A reaction scheme showing meta substitution using a palladium catalyst.
A nitrile template (red) directs C–H activation to the meta position of arenes.

A new mode of C–H activation selectively functionalizes the meta position of aromatic rings, chemists at Scripps Research Institute report (Nature, DOI: 10.1038/nature1158). The strategy could make it easier to bring C–H activation to bear on challenging problems in synthesis, including making drugs with sophisticated substitution patterns.

Despite advances in the activation of inert C–H bonds, it’s still tough to selectively transform one C–H bond among many in an aromatic ring. Chemists’ typical solution is a directing group, which tends to form a rigid six- or seven-membered ring transition state with a metal catalyst and produces ortho-substituted products. Meta substitution has remained elusive because it would require a large ring called a cyclophane in the transition state, which would be strained.

Jin-Quan Yu, postdoctoral researchers Dasheng (Jackson) Leow and Gang Li, and graduate student Tian-Sheng (Tyson) Mei realized they could relieve that strain by designing a less rigid transition state. They devised a nitrile template that coordinates weakly to a palladium catalyst in an “end-on” fashion yet is reactive enough to overcome the entropy in a floppy transition state.

The result is meta functionalization of a variety of toluene derivatives. Adjusting the nitrile template makes it possible to modify hydrocinnamic acid derivatives, which are structural motifs in the multiple myeloma drug Velcade and the blood-pressure-lowering drug Micardis. After the transformation, the team removes the templates through reduction or hydrolysis reactions. The template idea is flexible, Yu says, and it should be adaptable for a wide variety of arenes, including phenols.

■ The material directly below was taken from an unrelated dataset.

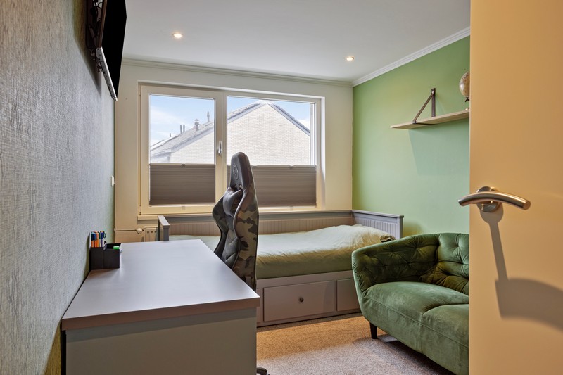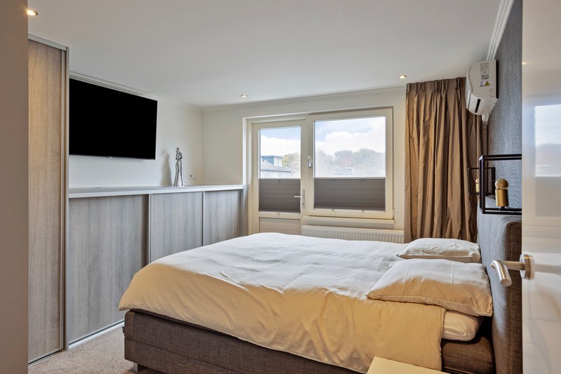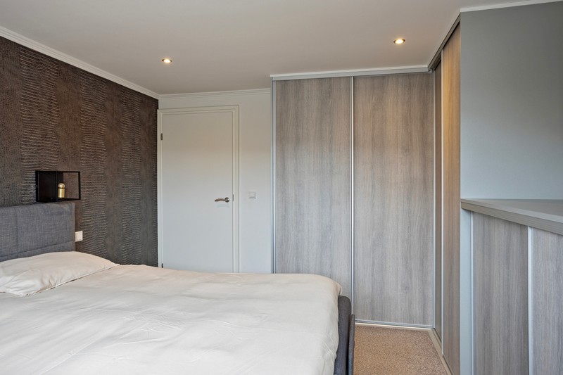 Op de eerste verdieping vind je een overloop die toegang biedt tot drie slaapkamers en voorzien van vaste kastruimte. De twee slaapkamers aan de achterzijde zijn zelfs voorzien van een balkon. Deze verdieping is tevens voorzien van een airco-installatie, waardoor het hier ook op warme dagen heerlijk vertoeven is.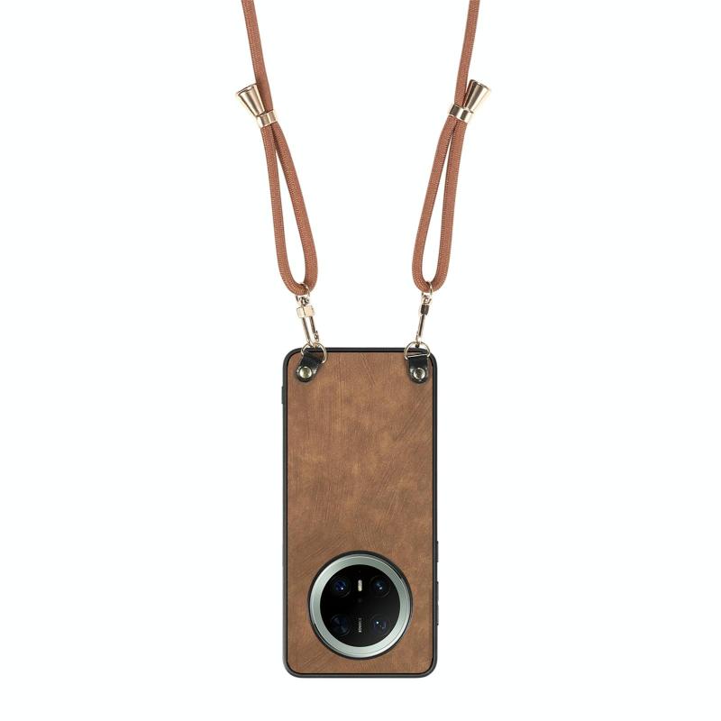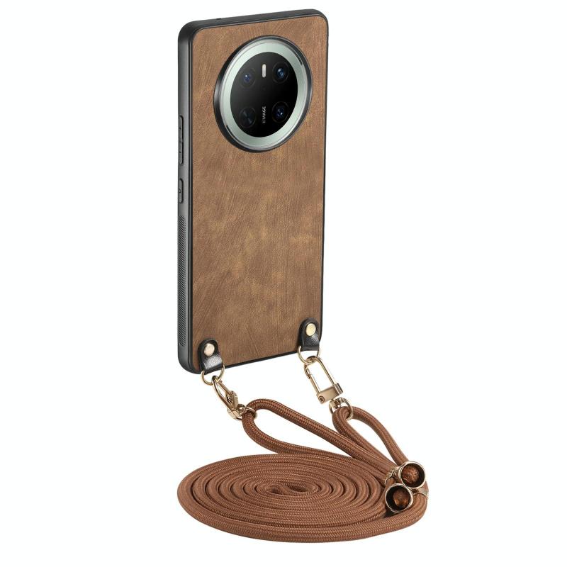 Θήκη κινητού Huawei Mate 70 Pro+ από δέρμα vintage και πολυανθρακικό (PC) με λουρί crossbody (Μπλε)

Outside of C–H activation, some methods for meta functionalization do exist, explains Victor A. Snieckus of Queens University, who has written a commentary about the work (Nature, DOI: 10.1038/486478a). However, meta substitution on electron-rich aromatic rings remains “a tricky business,” he adds. “Yu’s work offers an intriguing coordination-driven method for selective meta activation,” but the templates will need to be reduced in both size and complexity to make the technique broadly usable, he says.

“This is an interesting and creative strategy,” adds Melanie S. Sanford, whose University of Michigan, Ann Arbor, team develops directed C–H activation methods. In the C–H activation realm, meta functionalization “has proven very, very hard to do in any type of general sense previously, because directing groups are almost universally ortho-selective,” she explains. “The selectivity for the meta position is not yet perfect, but this looks like a very promising start.”